Set down the data again exactly. Pictures are not part of the copy.

== Given material

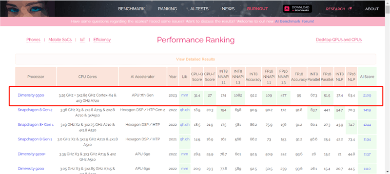 在AI Benchmark官网上,天玑9300获得了AI算力(芯片)第一名。
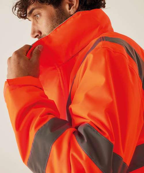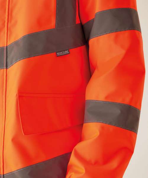 Waterproof Hydrafort 100% Polyester Oxford 300DD fabric. Medium-weight Thermoguard insulation, 100gsm. Certified to EN ISO 20471:2013 A1:2016 Class 3. Orange colourway is also certified to RIS-3279-TOM. Conforms to EN343:2019 Class 3:1. Two lower pockets. Internal pocket. Pack-away hood with adjusters. Adjustable cuffs with hook-and-loop fastening.
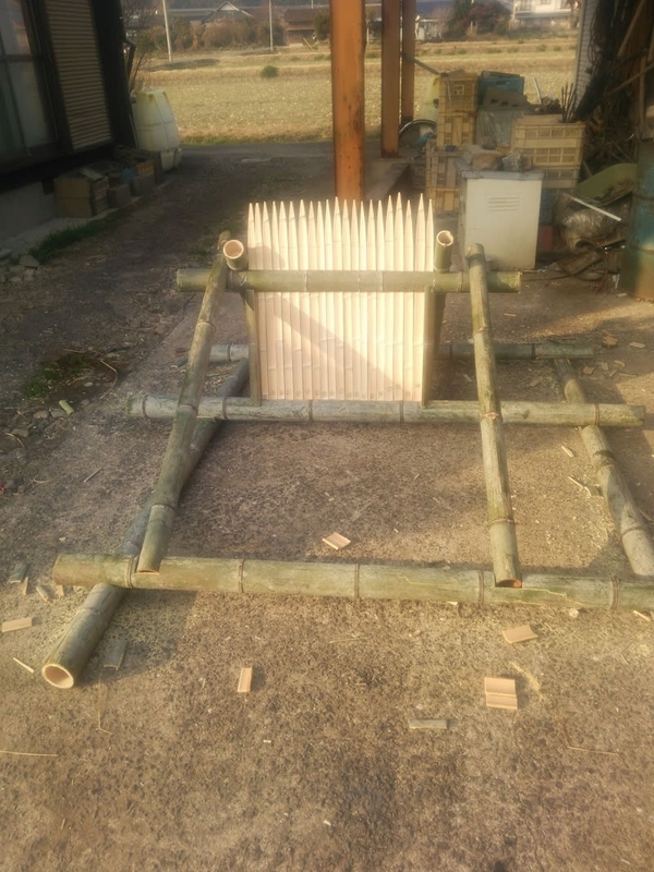 本来ならば金属や木材で作るところでしょうが、身近にあって、かつタダで手に入るものを活用するということで竹を利用しました。ですから材料代は針金が1メートル程をあり合わせのものですので限りなくゼロ円です。
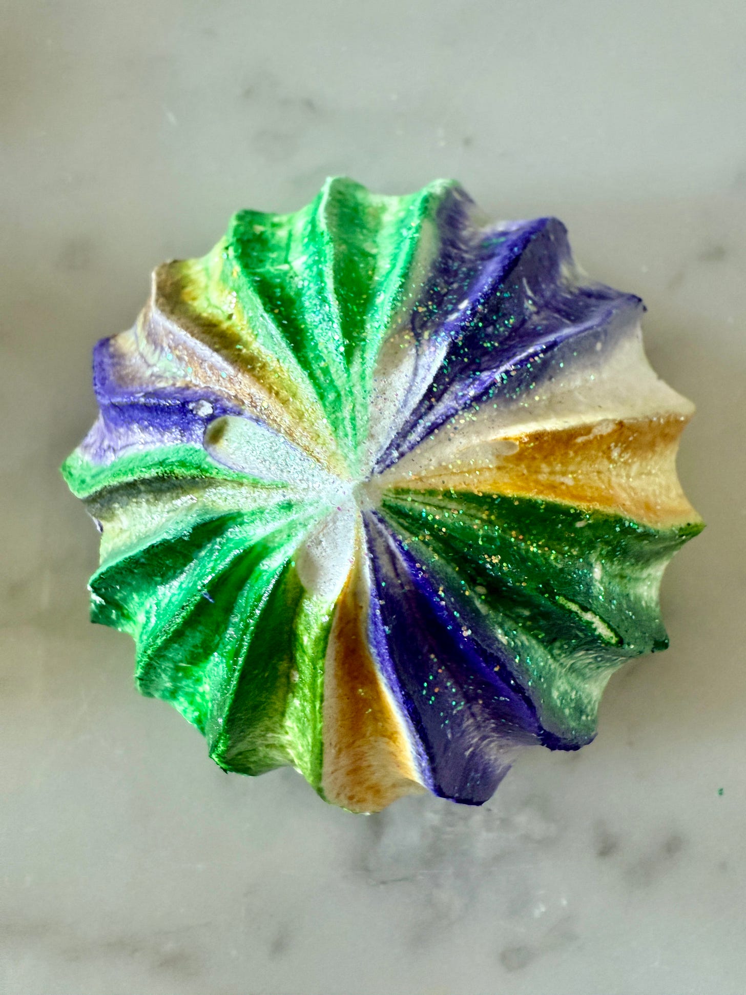These pretty little meringues are like a king cake in a bite. These are a fun and elegant alternative to endless king cakes as Mardi Gras gets closer Painting the pastry bags may take a little practice and it’s best to start light. I generally use two or three pastry bags to keep the colors fresh.

====

* _Exercise output_:
 在AI Benchmark官网上,天玑9300获得了AI算力(芯片)第一名。
 Waterproof Hydrafort 100% Polyester Oxford 300DD fabric. Medium-weight Thermoguard insulation, 100gsm. Certified to EN ISO 20471:2013 A1:2016 Class 3. Orange colourway is also certified to RIS-3279-TOM. Conforms to EN343:2019 Class 3:1. Two lower pockets. Internal pocket. Pack-away hood with adjusters. Adjustable cuffs with hook-and-loop fastening.
 本来ならば金属や木材で作るところでしょうが、身近にあって、かつタダで手に入るものを活用するということで竹を利用しました。ですから材料代は針金が1メートル程をあり合わせのものですので限りなくゼロ円です。
These pretty little meringues are like a king cake in a bite. These are a fun and elegant alternative to endless king cakes as Mardi Gras gets closer Painting the pastry bags may take a little practice and it’s best to start light. I generally use two or three pastry bags to keep the colors fresh.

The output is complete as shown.